| Dataset section |
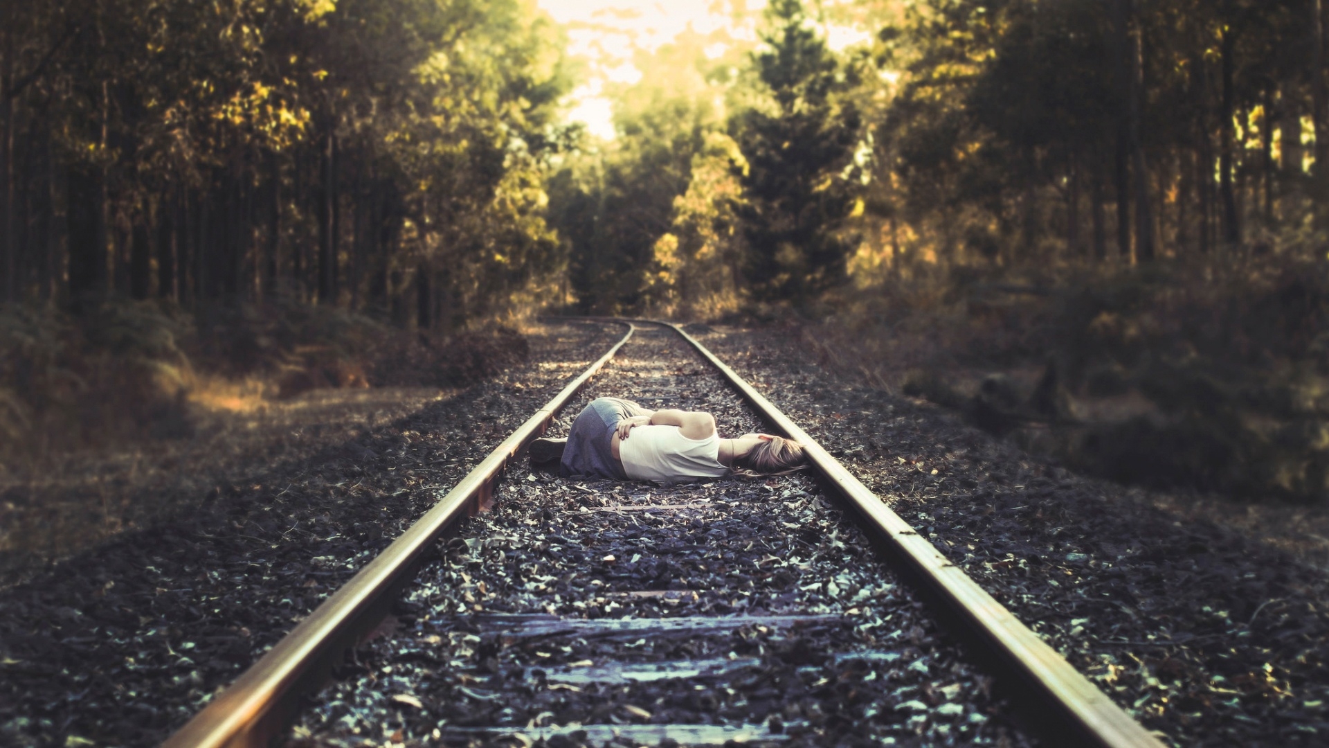 1 张 黄昏中的双轨铁路图
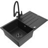 Mexen Bruno granite sink 1-bowl with drainer and Duo kitchen tap, grey - 6513-71-671701-70-B
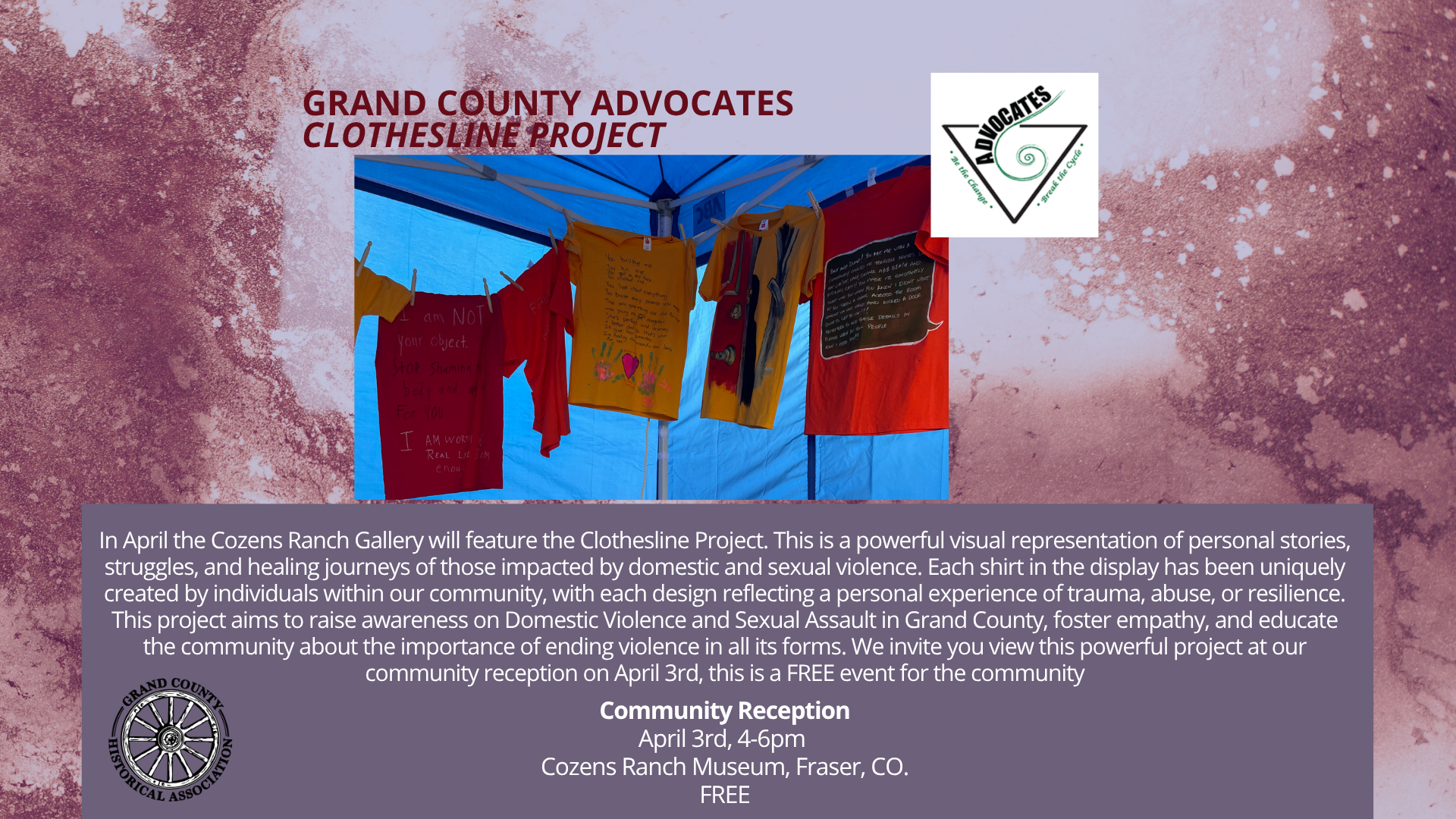 In April the Cozens Ranch Gallery will feature the Clothesline Project. This is a powerful visual representation of personal stories, struggles, and healing journeys of those impacted by domestic and sexual violence. Each shirt in the display has been uniquely created by individuals within our community, with each design reflecting a personal experience of trauma, […]
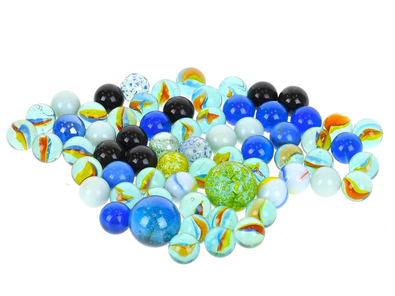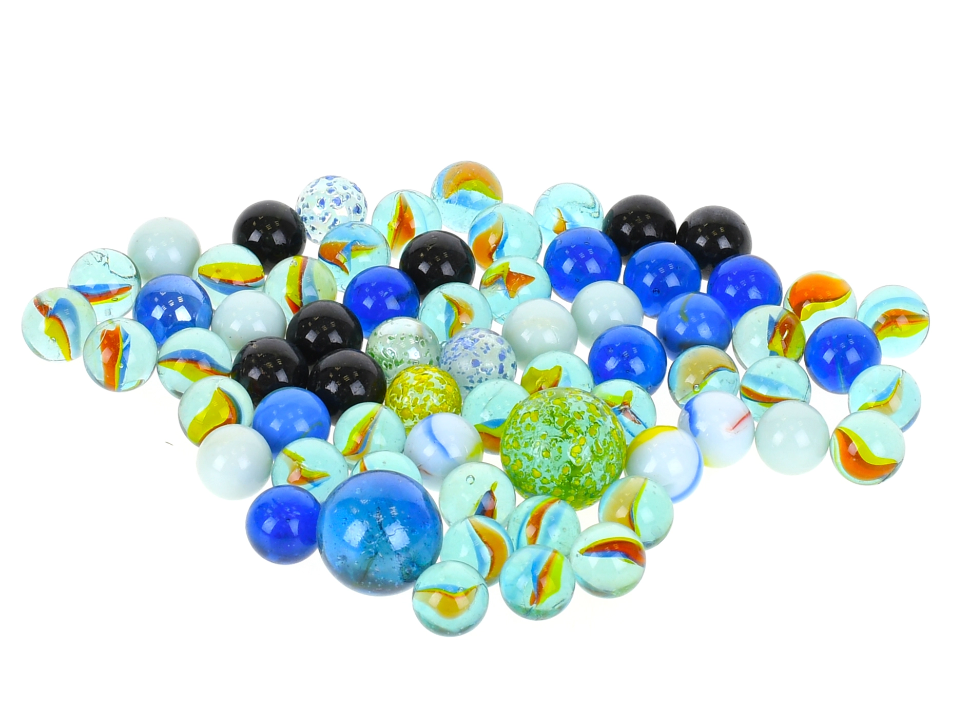 W opakowaniu znajdziesz około 80 kulek w różnych rozmiarach i kolorystycznych kombinacjach – od odcieni niebieskiego i turkusowego po czarne i zielone warianty z eleganckimi wirami. Zestaw doskonały do zabawy, rywalizacji, ćwiczenia małej motoryki oraz jako dekoracyjne wypełnienie do mis i wazonów.

| The problem |
Only the lines from the one containing "In April the" through the final line of the data should be given again, exactly and without pictures.

| Reply |
 In April the Cozens Ranch Gallery will feature the Clothesline Project. This is a powerful visual representation of personal stories, struggles, and healing journeys of those impacted by domestic and sexual violence. Each shirt in the display has been uniquely created by individuals within our community, with each design reflecting a personal experience of trauma, […]
 W opakowaniu znajdziesz około 80 kulek w różnych rozmiarach i kolorystycznych kombinacjach – od odcieni niebieskiego i turkusowego po czarne i zielone warianty z eleganckimi wirami. Zestaw doskonały do zabawy, rywalizacji, ćwiczenia małej motoryki oraz jako dekoracyjne wypełnienie do mis i wazonów.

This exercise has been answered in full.